Please copy exactly the part of the records below that opens with the line containing "1974. Farblithografie /" and closes with the line containing "Tiro atajado. Keneth", leaving out any pictures.

**Extracted records:**
========================================================================

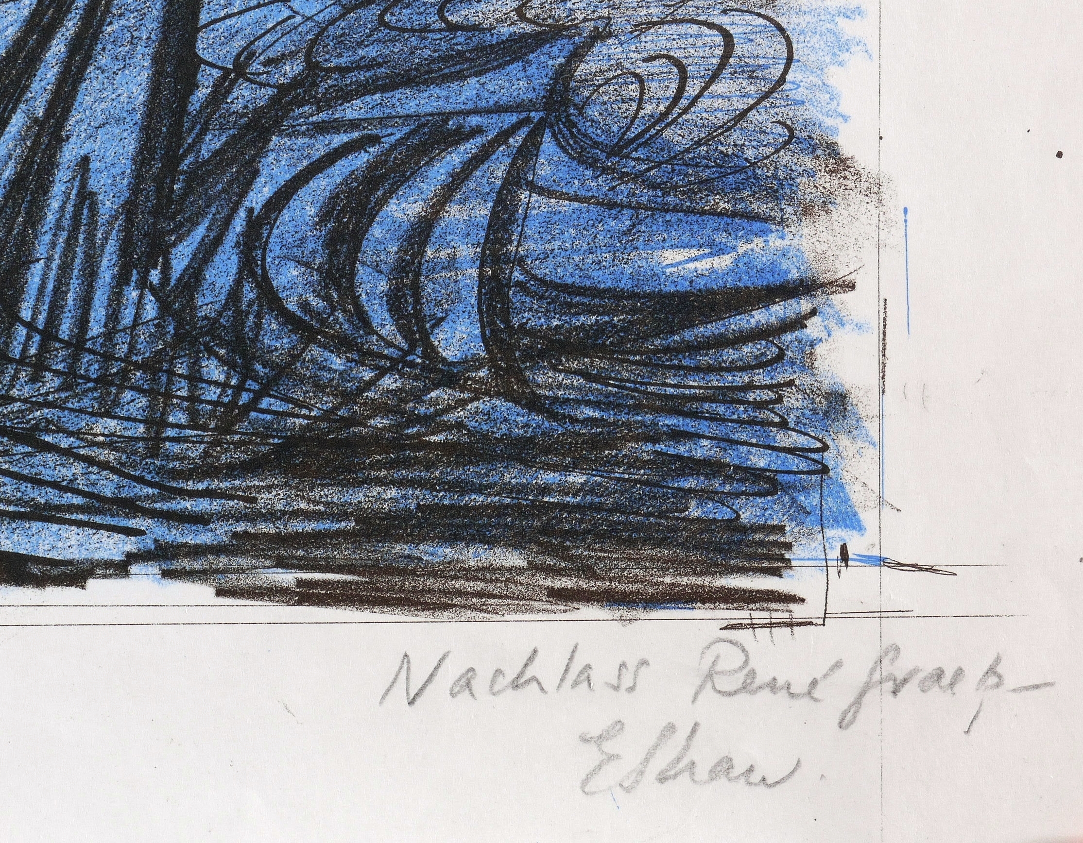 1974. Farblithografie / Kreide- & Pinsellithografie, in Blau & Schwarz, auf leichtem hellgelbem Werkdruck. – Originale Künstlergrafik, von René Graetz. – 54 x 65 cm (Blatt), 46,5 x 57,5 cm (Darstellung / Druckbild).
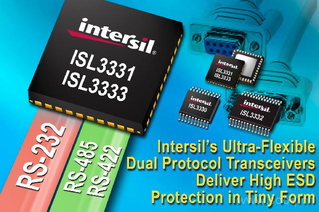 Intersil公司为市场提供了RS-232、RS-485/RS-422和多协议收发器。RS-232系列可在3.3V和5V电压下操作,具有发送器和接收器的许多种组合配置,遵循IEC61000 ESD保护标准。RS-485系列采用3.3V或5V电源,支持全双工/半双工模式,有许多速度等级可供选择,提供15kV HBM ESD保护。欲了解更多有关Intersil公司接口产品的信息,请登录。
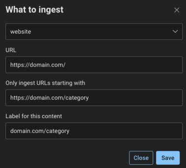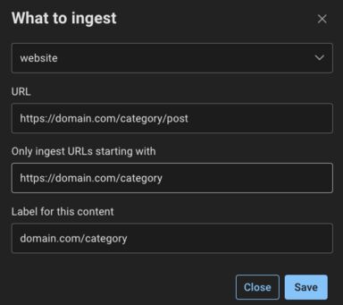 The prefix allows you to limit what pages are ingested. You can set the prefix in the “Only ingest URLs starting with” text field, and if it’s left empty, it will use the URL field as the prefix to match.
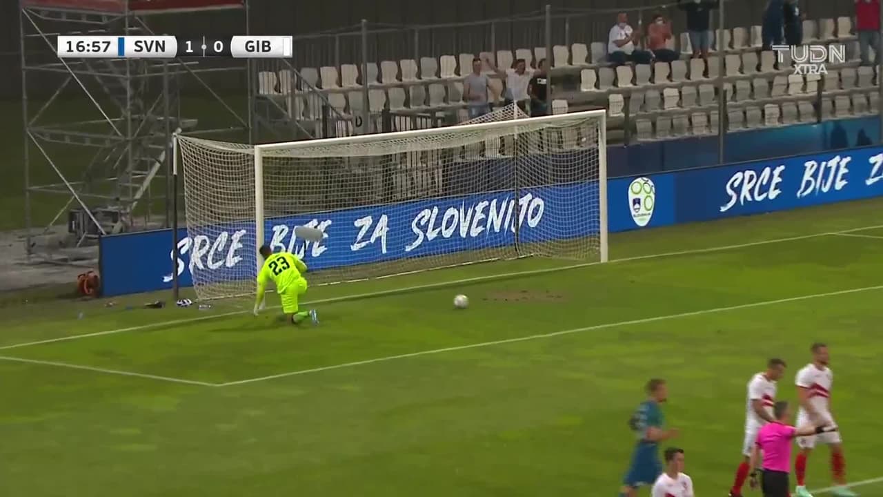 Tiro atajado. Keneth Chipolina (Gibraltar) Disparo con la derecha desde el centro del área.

========================================================================

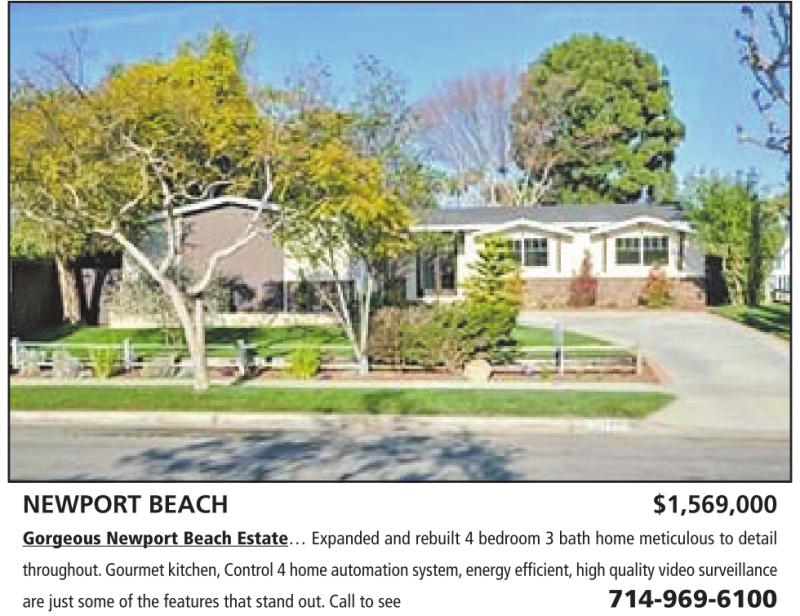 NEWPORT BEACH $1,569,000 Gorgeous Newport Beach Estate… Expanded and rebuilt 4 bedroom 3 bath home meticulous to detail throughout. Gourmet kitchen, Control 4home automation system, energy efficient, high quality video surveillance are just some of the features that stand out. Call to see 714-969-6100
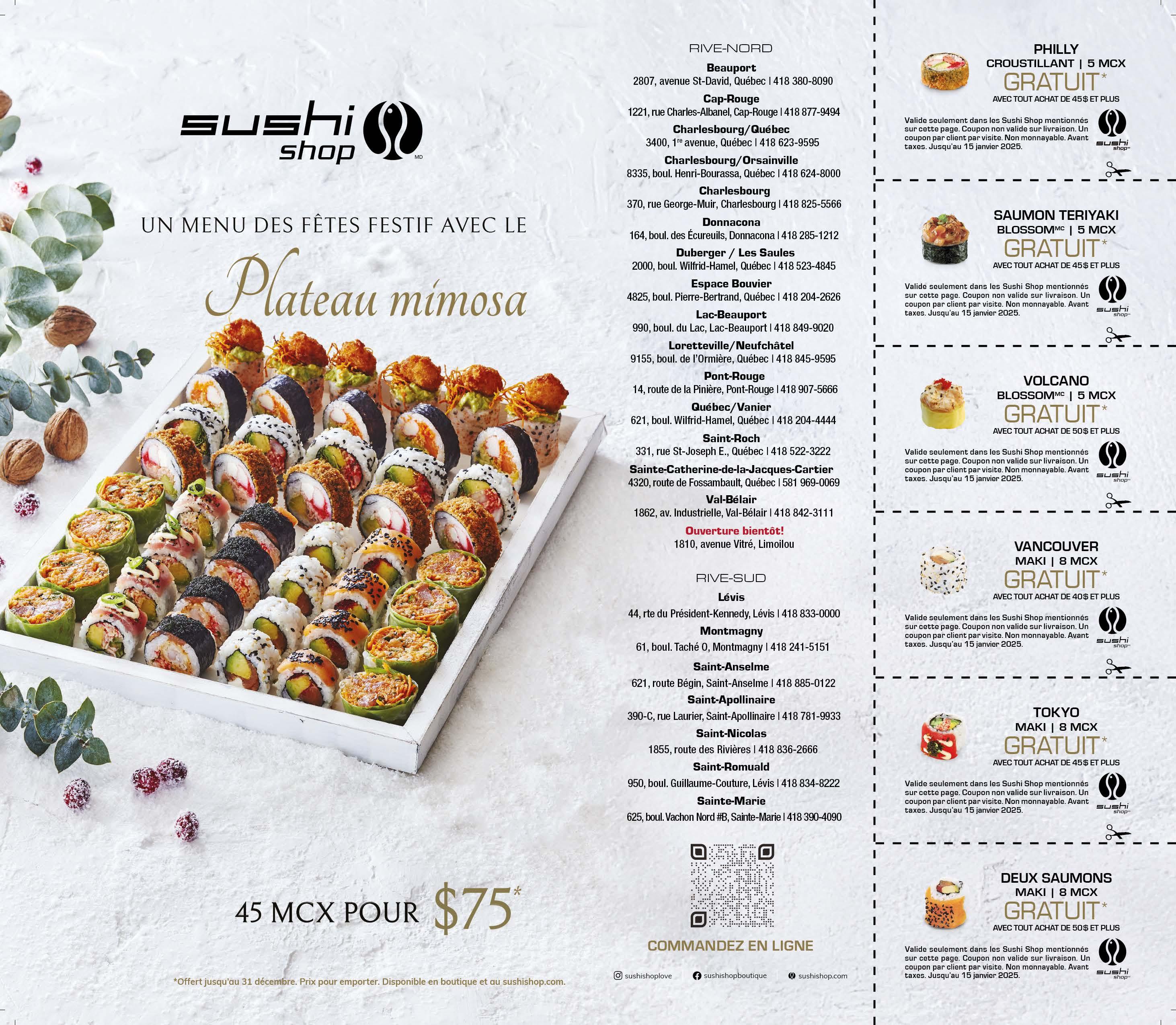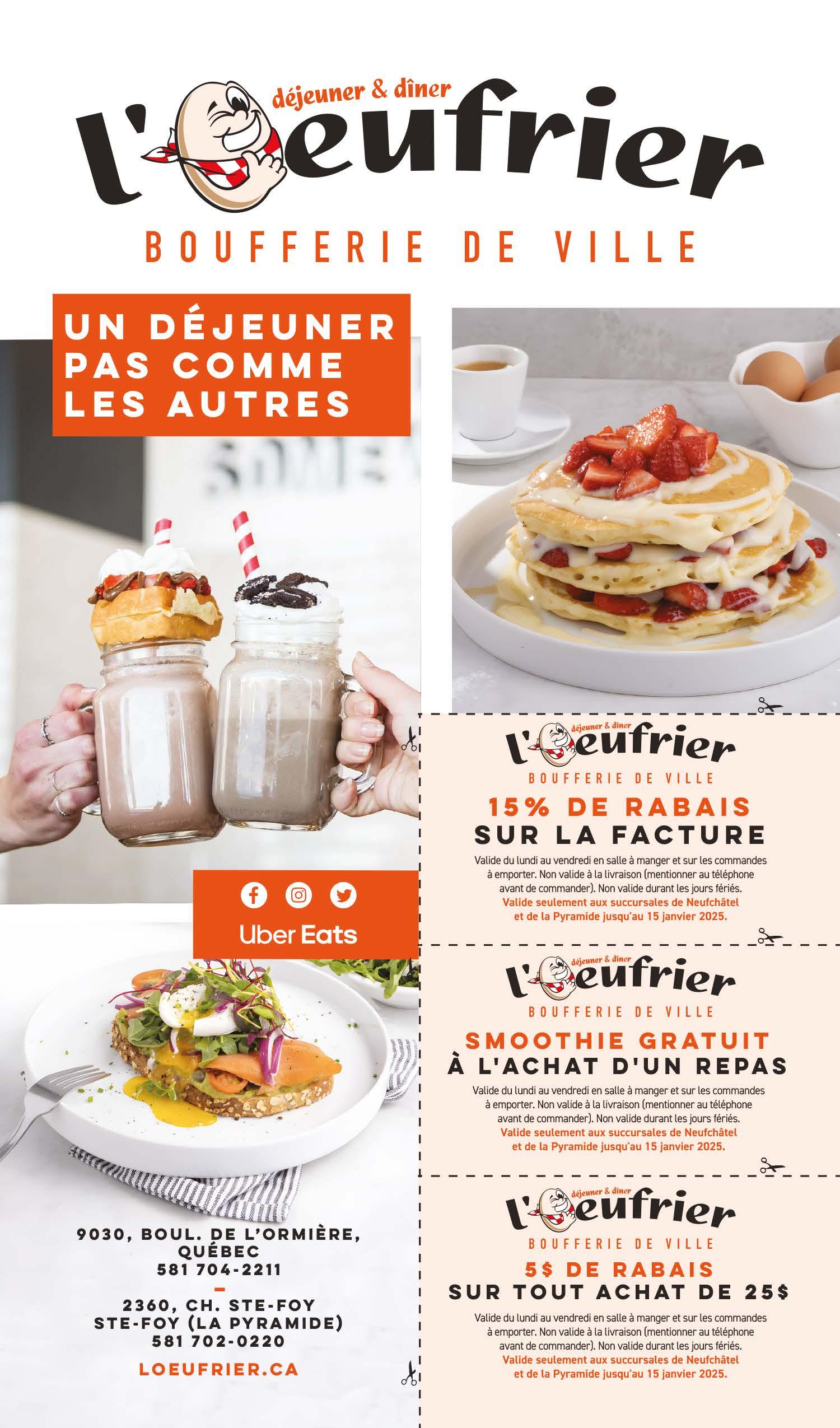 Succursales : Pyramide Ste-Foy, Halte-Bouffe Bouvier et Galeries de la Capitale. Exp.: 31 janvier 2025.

========================================================================

**Exercise solution:**
 1974. Farblithografie / Kreide- & Pinsellithografie, in Blau & Schwarz, auf leichtem hellgelbem Werkdruck. – Originale Künstlergrafik, von René Graetz. – 54 x 65 cm (Blatt), 46,5 x 57,5 cm (Darstellung / Druckbild).
 Intersil公司为市场提供了RS-232、RS-485/RS-422和多协议收发器。RS-232系列可在3.3V和5V电压下操作,具有发送器和接收器的许多种组合配置,遵循IEC61000 ESD保护标准。RS-485系列采用3.3V或5V电源,支持全双工/半双工模式,有许多速度等级可供选择,提供15kV HBM ESD保护。欲了解更多有关Intersil公司接口产品的信息,请登录。
 The prefix allows you to limit what pages are ingested. You can set the prefix in the “Only ingest URLs starting with” text field, and if it’s left empty, it will use the URL field as the prefix to match.
 Tiro atajado. Keneth Chipolina (Gibraltar) Disparo con la derecha desde el centro del área.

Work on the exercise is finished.